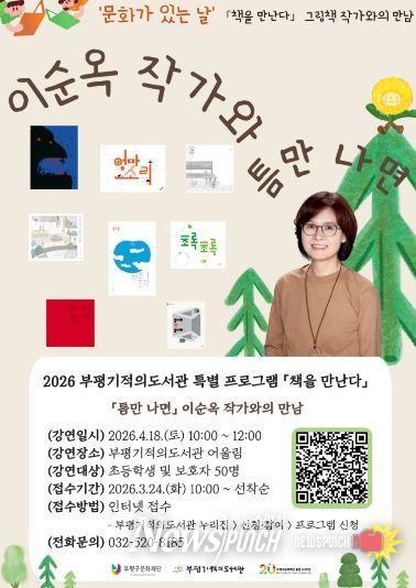 이희수 부평구문화재단 도서관본부장은 “그림책 작가와 직접 만나는 경험을 통해 어린이들이 책과 더욱 가까워지고 독서의 즐거움을 느끼는 계기가 되기를 바란다”며 “앞으로도 ‘문화가 있는 날’ 취지에 맞춰 다양한 독서문화 프로그램을 지속적으로 마련하겠다”고 말했다.
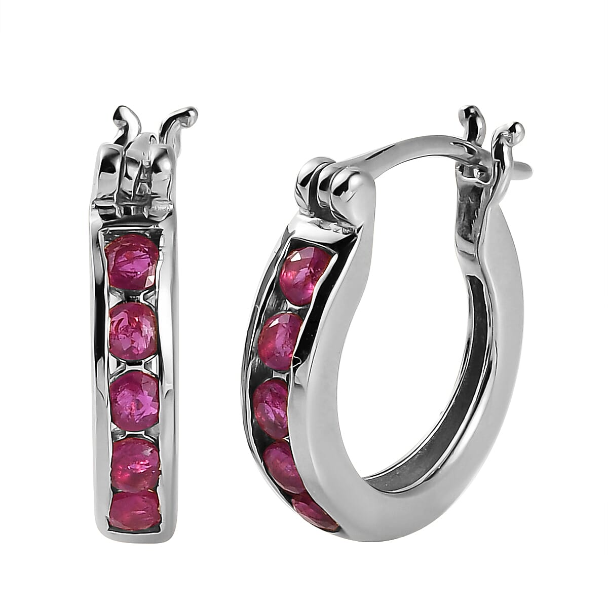 Premium Montepuez Ruby Hoop Earrings in Platinum Over Sterling Silver 0.85 ctw
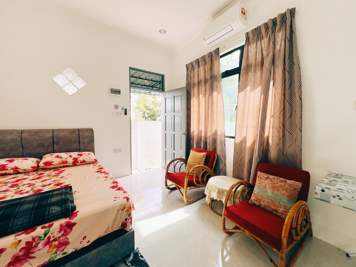 Maaliwalas at maluwag na bakasyunan ang homestay para sa 8 tao. May kumpletong muwebles, kasangkapan sa kusina, refrigerator, air-con, TV, water heater, water dispenser, at microwave. Matatagpuan malapit sa sentro ng lungsod ng Kota Bharu na may madaling access sa mga paboritong kainan at atraksyon ng mga lokal. Tandaang kasalukuyang walang wifi at washing machine sa patuluyan namin. Malugod na tinatanggap ang lahat na magkaroon ng kaaya - ayang pamamalagi sa aming tuluyan. Makipag - ugnayan sa amin para sa higit pang detalye.
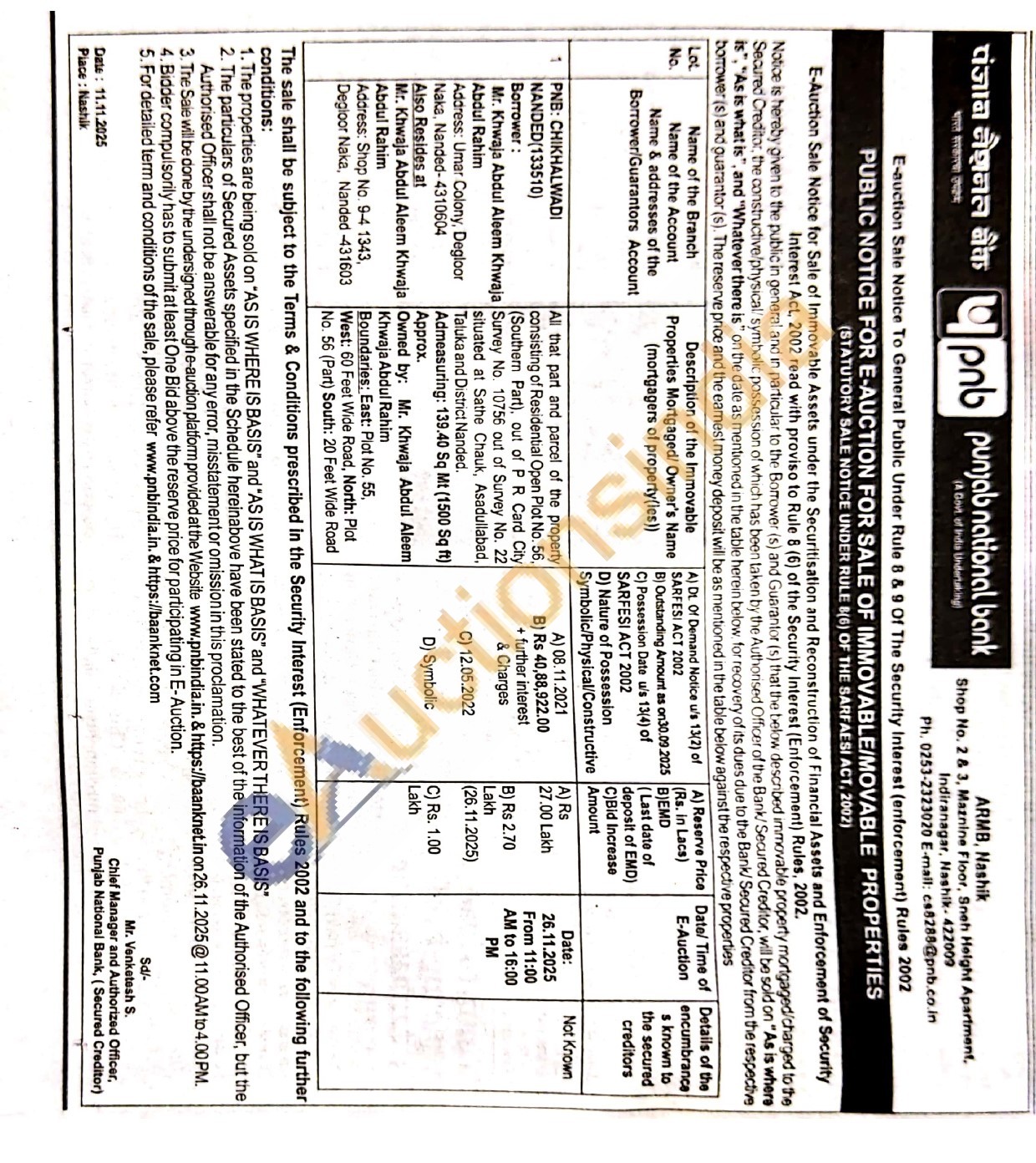 All that part and parcel of the property consisting of Residential Open Plot No. 56, (Southern Part), out of PR Card City Survey No. 10756 out of Survey No. 22 situated at Sathe Chauk, Asadullabad, Taluka and District Nanded. Admeasuring: 139.40 Sq Mt (1500 Sq ft) Approx Owned by: Mr. Khwaja Abdul Aleem Khwaja Abdul Rahim Boundaries: East: Pilot No. 55, West: 60 Feet Wide Road, North: Plot No. 56 (Part) South: 20 Feet Wide Road
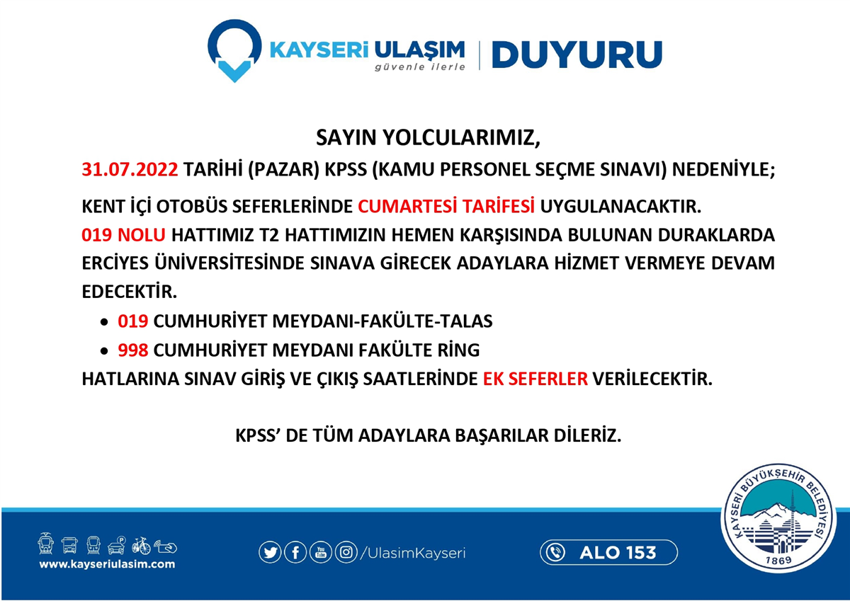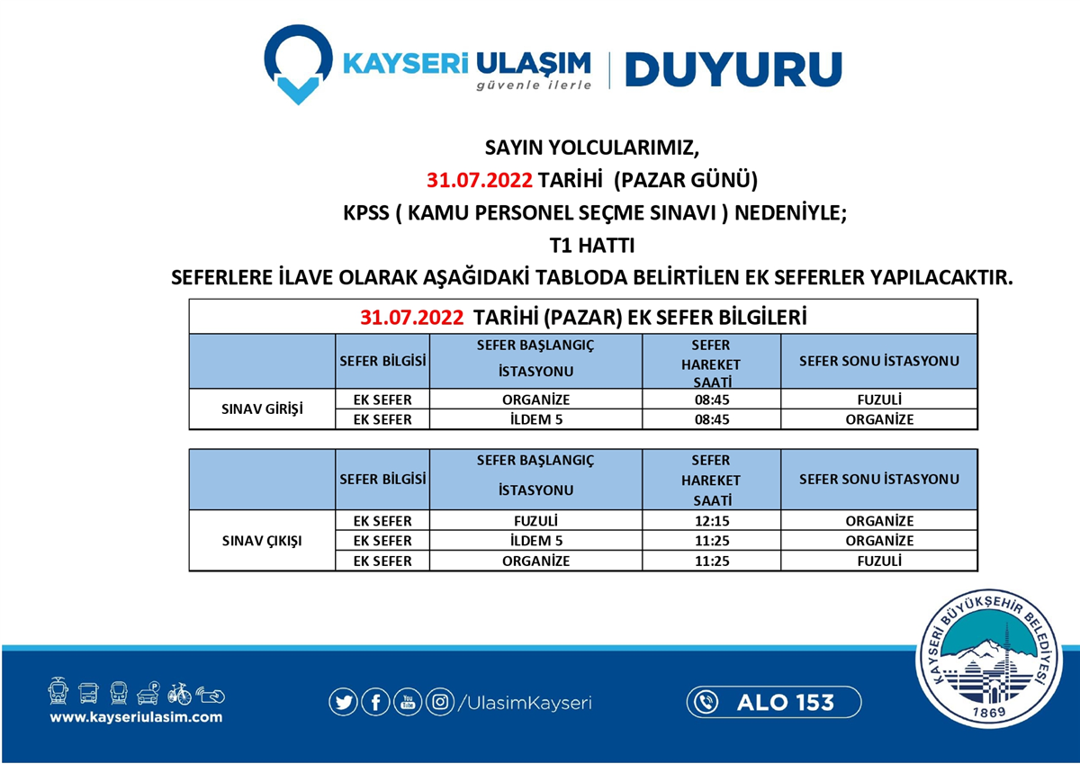 31.07.2022 Pazar Günü uygulanacak tarife ve ek sefer bilgilerine aşağıdaki görsellerden erişebilirsiniz.

◆ TASK DESCRIPTION ◆
Pictures stay out; print everything else in the data exactly.

◆ RESPONSE AREA ◆
 이희수 부평구문화재단 도서관본부장은 “그림책 작가와 직접 만나는 경험을 통해 어린이들이 책과 더욱 가까워지고 독서의 즐거움을 느끼는 계기가 되기를 바란다”며 “앞으로도 ‘문화가 있는 날’ 취지에 맞춰 다양한 독서문화 프로그램을 지속적으로 마련하겠다”고 말했다.
 Premium Montepuez Ruby Hoop Earrings in Platinum Over Sterling Silver 0.85 ctw
 Maaliwalas at maluwag na bakasyunan ang homestay para sa 8 tao. May kumpletong muwebles, kasangkapan sa kusina, refrigerator, air-con, TV, water heater, water dispenser, at microwave. Matatagpuan malapit sa sentro ng lungsod ng Kota Bharu na may madaling access sa mga paboritong kainan at atraksyon ng mga lokal. Tandaang kasalukuyang walang wifi at washing machine sa patuluyan namin. Malugod na tinatanggap ang lahat na magkaroon ng kaaya - ayang pamamalagi sa aming tuluyan. Makipag - ugnayan sa amin para sa higit pang detalye.
 All that part and parcel of the property consisting of Residential Open Plot No. 56, (Southern Part), out of PR Card City Survey No. 10756 out of Survey No. 22 situated at Sathe Chauk, Asadullabad, Taluka and District Nanded. Admeasuring: 139.40 Sq Mt (1500 Sq ft) Approx Owned by: Mr. Khwaja Abdul Aleem Khwaja Abdul Rahim Boundaries: East: Pilot No. 55, West: 60 Feet Wide Road, North: Plot No. 56 (Part) South: 20 Feet Wide Road
 31.07.2022 Pazar Günü uygulanacak tarife ve ek sefer bilgilerine aşağıdaki görsellerden erişebilirsiniz.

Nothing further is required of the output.